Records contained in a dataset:
+ + + + +

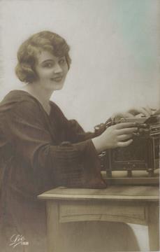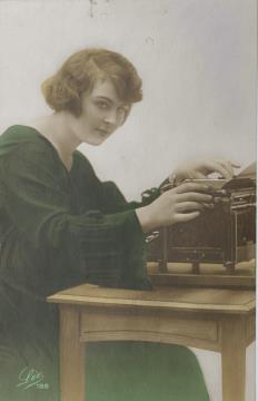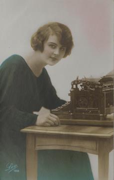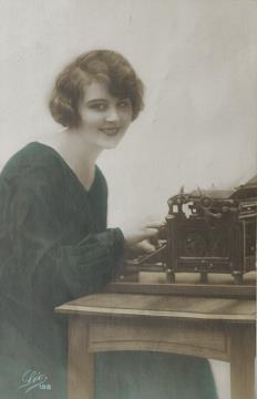 Illustrierte Postkarte; Fotografie, koloriert; Serie Leo 188 Rückseite: Frau mit Schreibmaschine, Blick zum Betrachter Vorderseite nicht beschrieben
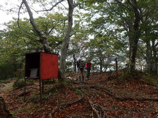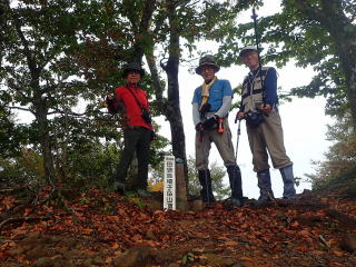| 9時15分:山頂に到着。樹々に隙間があるが、残念ながらガスが広がった来て眺望は閉ざされていた。 先行の2人連れの方はすでに下山し、静かな山頂で暫くティータイムを楽しんでから下山。 |
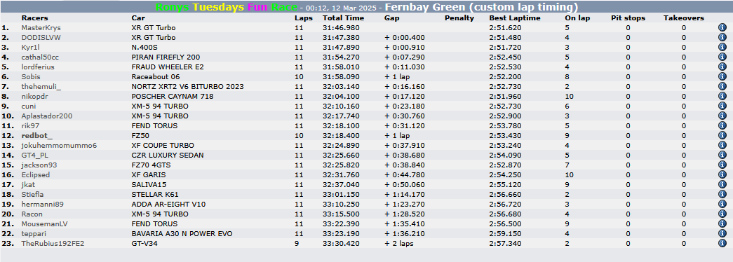 RB4 GT 20 31:09.480 + 1 lap 1:28.190
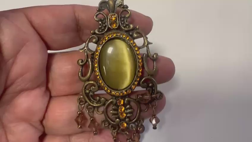 Broche vintage color caqui con diamantes de imitación sobre base de metal bronce para personalización.
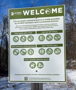 At open preserves, we’ve installed two new signs at our trailheads. The first sign features eye-catching and easy-to-understand graphic icons to illustrate preserve rules. As part of ACRES commitment to protect the land we own, we want to encourage visitors to help us keep these habitats undisturbed.
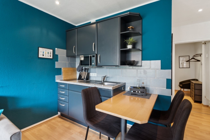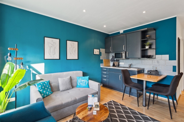 The 30m² Azurro Suite combines urban design with calming blue tones. Dark wood, clear shapes and cool colours create a clear, minimalist style – perfect for business guests, city travellers or anyone looking for peace and quiet in a stylish ambience. Here you can relax – with style and structure.
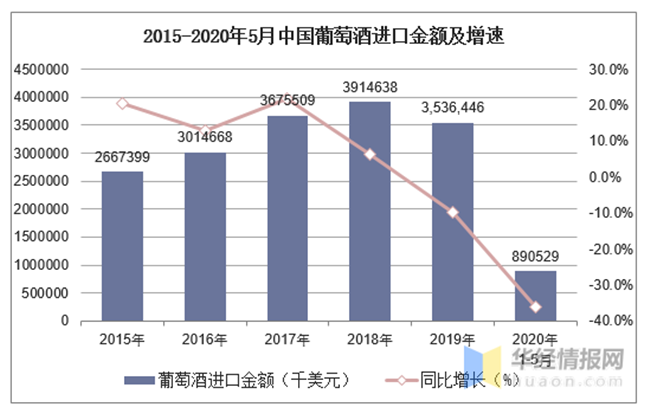 2015-2020年5月中國(guó)葡萄酒進(jìn)口金額及增速
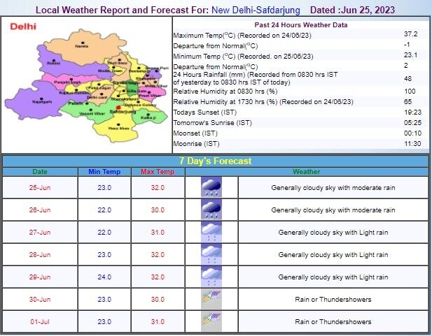 IMD के मुताबिक, यमुनानगर, करनाल, पानीपत, आदमपुर, हिसार, गोहाना, गन्नौर,सिवानी, सोनीपत, रोहतक, भिवानी और आस-पास के इलाकों में अगले कुछ घंटों में हल्की से मध्यम तीव्रता की बारिश होगी. वहीं, दादरी, झज्जर, महेंद्रगढ़, सोहाना, रेवाड़ी, पलवल, बावल, नूंह, औरंगाबाद, होडल, सहारनपुर, देवबंद, नजीबाबाद, शामली, मुजफ्फरनगर, कांधला, बिजनौर, चांदपुर, बड़ौत, दौराला, खतौली, हस्तिनापुर, बागपत, मेरठ, मोदीनगर, किठौर, मुरादाबाद, गढ़मुक्तेश्वर, रामपुर, पिलखुआ, हापुड़, सिकंदराबाद, बुलंदशहर, जहांगीराबाद, शिकारपुर, खुर्जा, जट्टारी, अतरौली, अलवर समेत कई शहरों में आज (रविवार), 25 जून को बारिश होगी.
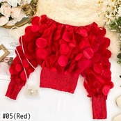 Nomikuma オフショルダートップス 3D 花びらショートスリムウエストパフスリーブシックシャツブラウスデ
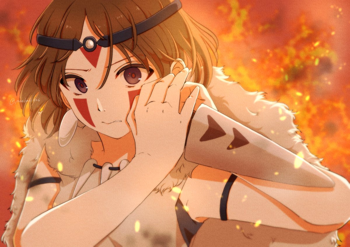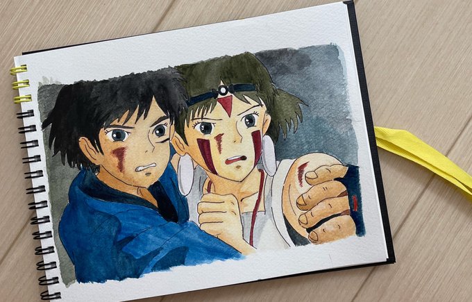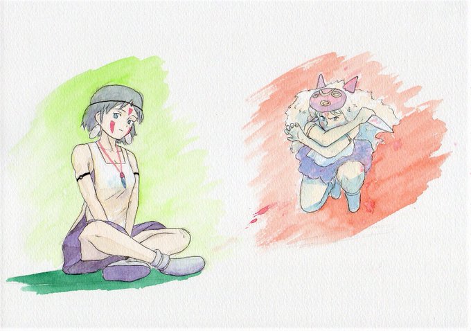 #もののけ姫25周年 もののけ姫25周年とのことで、過去絵ですがアップ。 サンと、私の推しキャラの業病の女性です。2020年のリバイバル上映で、劇場で観ることができたのは本当に嬉しい経験でした。大好きな作品の一つです。
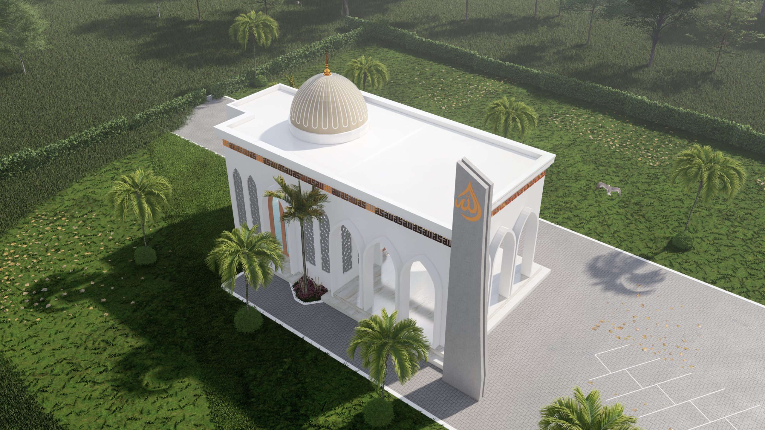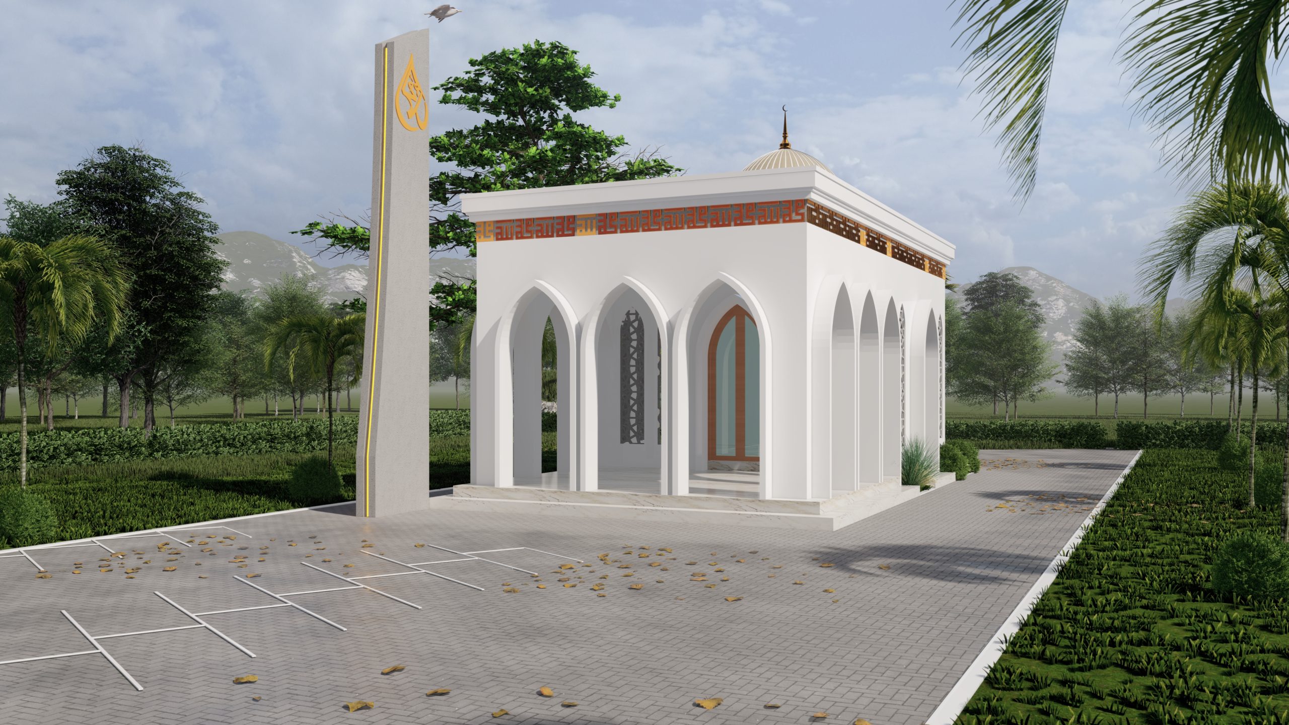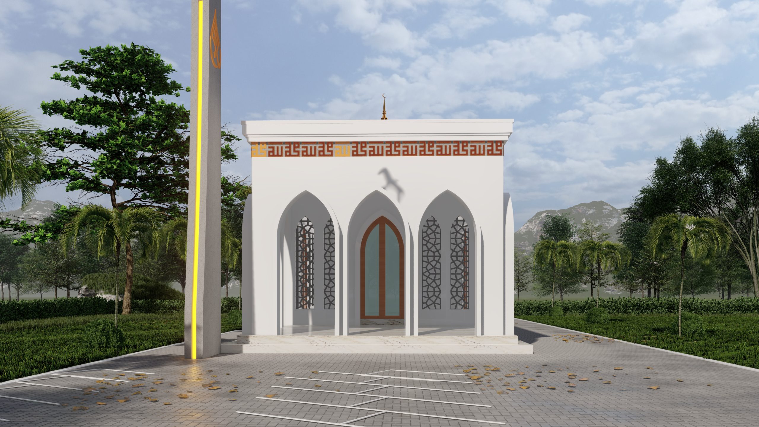 Masjid ini dirancang dengan presisi, memadukan kemegahan warisan Islam dengan sentuhan modern yang elegan. Lengkung runcing pada fasad dan pola mashrabiya menghadirkan kesan anggun, sementara kubah proporsional dan kaligrafi Kufi berlapis emas mempertegas kemuliaannya. Warna putih murni dipadu aksen emas dan marmer menciptakan suasana mewah nan teduh, menjadikan masjid ini bukan hanya tempat ibadah, tetapi juga simbol keindahan dan keabadian.

+ + + + +

#### [PROMPT]
Of the lines above, copy only those from the one holding "Broche vintage color" to the one holding "At open preserves, we’ve", both included, and exclude every image.

#### [RESULT FOR THIS EXERCISE]
 Broche vintage color caqui con diamantes de imitación sobre base de metal bronce para personalización.
 At open preserves, we’ve installed two new signs at our trailheads. The first sign features eye-catching and easy-to-understand graphic icons to illustrate preserve rules. As part of ACRES commitment to protect the land we own, we want to encourage visitors to help us keep these habitats undisturbed.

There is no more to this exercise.